REZENSION – Eine ungewöhnliche und faszinierende Mischung aus Familiengeschichte und historischem Spionageroman ist Ulla Lenzes (46) fünftes Buch „Der Empfänger“, das kürzlich im Klett-Cotta-Verlag erschien. Aus überlieferten Briefen und dem Lebenslauf ihres Großonkels entwickelte sie die wechselvolle Lebensgeschichte eines jungen Auswanderers, der aus purer Gleichgültigkeit und politischem Desinteresse in New York eher versehentlich zum Mitläufer der Nazis und unmerklich zu einem Rädchen im Getriebe deutscher Spionage wird. Es ist die Geschichte eines „kleinen Mannes“, der 1939 durch eine unüberlegte Entscheidung unerwartet, unbedarft und wehrlos zwischen die Fronten der kriegführenden Parteien gerät.

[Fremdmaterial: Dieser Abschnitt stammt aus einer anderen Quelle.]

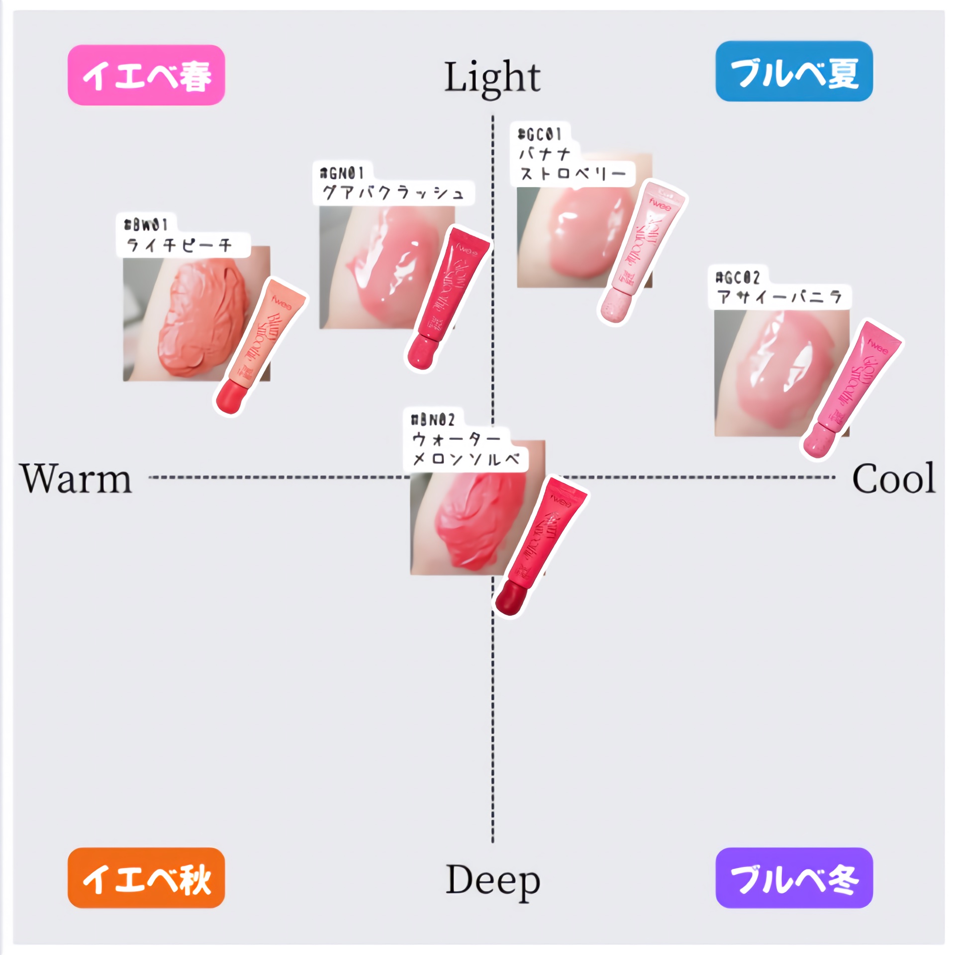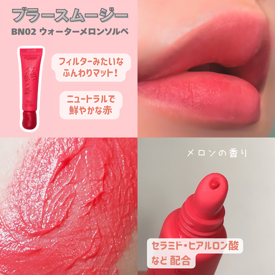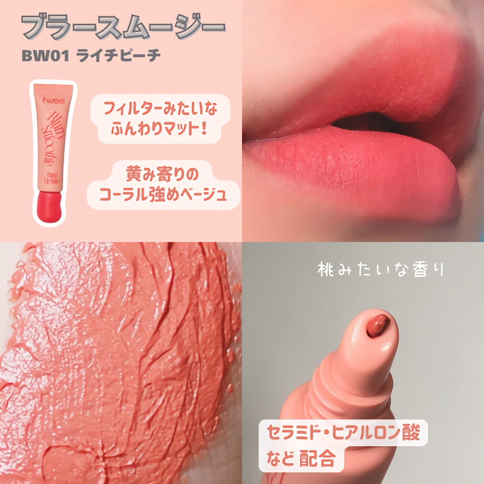2/1発売❕fweeスムージーリップバームイエベおすすめカラー2選✨fweeさまからのギフティングです💛🩷BW01ライチピーチ💚01アボカドココナッツ→BWはなめらかでふんわりしたマットなテクスチャで、単体で使ってももちろん可愛いけどアボカド...

Bereits Anfang der Zwanziger Jahre war Josef Klein als junger Mann aus dem Rheinland in die USA ausgewandert. Doch richtig „angekommen“ ist er auch 1939 noch nicht. Er blieb alle Jahre ein heimatloser Niemand, von den Amerikanern nicht angenommen, den deutschen Emigranten fern geblieben, die vor Kriegsbeginn in antisemitischen und rassistischen Gruppierungen aktiv sind. Josef Klein lebt davon unberührt sein Leben im multikulturellen Harlem, liebt den Jazz und pflegt sein Hobby als Amateurfunker. Doch ausgerechnet seine technische Fähigkeiten als Funker fallen einer solchen Nazi-Gruppe auf, die ihn ohne sein Wissen für ihre Spionagetätigkeit ausnutzt. Viel zu spät erkennt Josef das Verhängnis seiner unbedachten Mitwirkung, meldet dies dem FBI, das ihn als Doppelagent verpflichtet. Nach Kriegseintritt der USA wird Josef auf Ellis Island interniert, erst 1949 nach Deutschland abgeschoben, wo er in Neuss im Haus seines Bruders aufgenommen wird. Doch auch hier bleibt der Entwurzelte heimatlos und setzt sich mit Hilfe früherer Nazi-Kontakte aus New York zunächst nach Argentinien, dann nach Costa Rica ab. Erst dort entwickelt der inzwischen über 50-Jährige nach längerem Aufenthalt heimatliche Gefühle. Doch auch hier lässt ihn seine Vergangenheit nicht ruhen: Sein Bruder schickt ihm eine Stern-Reportage über den Einsatz des deutschen Geheimdienstes in Amerika.
„Der Empfänger“ ist die Geschichte eines unfreiwilligen Agenten und Mitläufers ohne Überzeugung oder Schuldbewusstsein. Auch in Lenzes Roman, der kapitelweise zwischen New York (1939/1940), Deutschland (1949/1950) und schließlich Lateinamerika (1953) wechselt, geht es wie in den meisten Büchern über die Zeit des Nazi-Regimes und der Nachkriegsjahre um Schuld und Moral, um Verantwortung und Verantwortungslosigkeit. Aus Josefs Sicht waren es die anderen, die ihn missbraucht und nicht sein Leben haben leben lassen. „Einfach ein Mensch sein, dachte er. ... Einfach sein. Irgendwann kam die Einsicht, dass einfaches Sein das Schwierigste war. Alle wollten irgendetwas aus einem machen - und sei es, einen Deutschen, der nichts dafür konnte, Deutscher zu sein.“ Die Grenzen zwischen Schuld und Unschuld sind fließend: Je nach Betrachtungsweise war er Täter, aber auch Verräter. Im Grunde blieb er ein Niemand, ein „Empfänger“ von Weisungen anderer, die er gefällig und bedenkenlos ausführte, um im Alltag seine Ruhe zu haben. Ulla Lenzes Roman hat keinen Helden. Vielleicht ist gerade dies das Einzigartige und Beeindruckende, vielleicht sogar Erschreckende an ihrem Buch: Josef Klein könnte jeder sein, jeder von uns.